Only a cynical old stick could fail to be moved by DNA Family Secrets (BBC Two). And as a paid up cynical old stick, I have to say I was looking forward to not being moved. Here was, at least on the face of it, a classic example of nakedly manipulative television, precision-tooled to not so much tug on your heart-strings as tie lead weights to them and chuck them off a harbour wall

Reader, I blubbed like a baby. Every one of the show’s three searches for parentage and identity knocked me for six. But, in my role as critic as opposed to human being, let’s get the show’s obvious faults out the way. Firstly, using DNA to examine – we might as well say it – “who you think you are” is in no way watertight. DNA Family Secrets admitted as much, saying that a DNA test is only as useful as the database it’s tested against. The database, meaning people who have themselves been tested, currently comprises 30 million people worldwide, or half a percent of the world’s population. (Fun fact: DNA testing is illegal in France, apparently).

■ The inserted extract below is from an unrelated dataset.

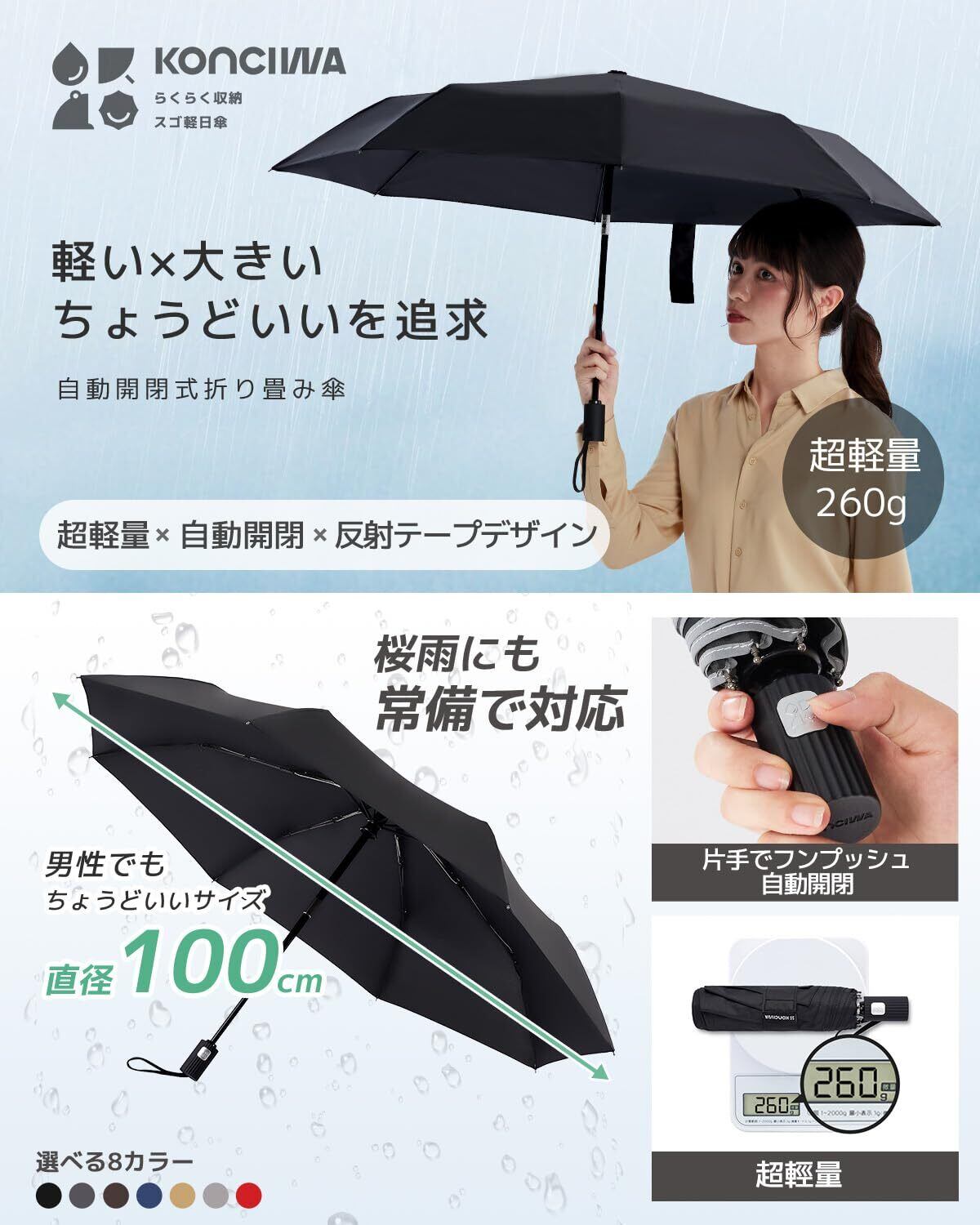 Konciwa 折りたたみ傘 260g軽量 自動開閉 8本骨 折り畳み傘 メンズ ワンタッチ 自動開閉 おりたたみ メンズ レディース 折りたたみ傘 ワンタッ 撥水速乾 耐強風 男女兼用 携帯しやすい

So you’re still looking for needles in haystacks. That all three of this episode’s subjects – Richard (52), on a life-long mission to discover the identity of his father; Janet (62), on the search for a half sister she thinks she once heard her late father talking about at a dinner party when she was nine; Glen (47), desperate to learn about his ancestry as a black man who’s never felt he is among “his people” living in leafy Oxfordshire – found answers on the database is something close to a miracle. A made-for-TV miracle.

Then there are the thorny ethical issues underlying a programme that, in digging into people’s parentage, can at times veer close to Jeremy Kyle territory. The delightful Richard, for example, discovered that his long-lost dad was alive and well. But the weepy rapprochement that TV demands never took place. What happened there? Some family secrets, one suspects, are secret for a reason.

Still, these are all valid points that should be understood to have come from a man who spent an hour grinning from ear to ear when he wasn’t fetching fresh hankies. DNA Family Secrets, like its clear relative Long Lost Family on ITV, is wonderfully moving television. Presenter Stacey Dooley is perfect as the shoulder to cry on, the selection of subjects is spot on, and the money shots – when a long-lost this or that first meets their new family member – always deliver, at least when they happen. It might be contrived but you’d have to be a cynical old stick not to enjoy it.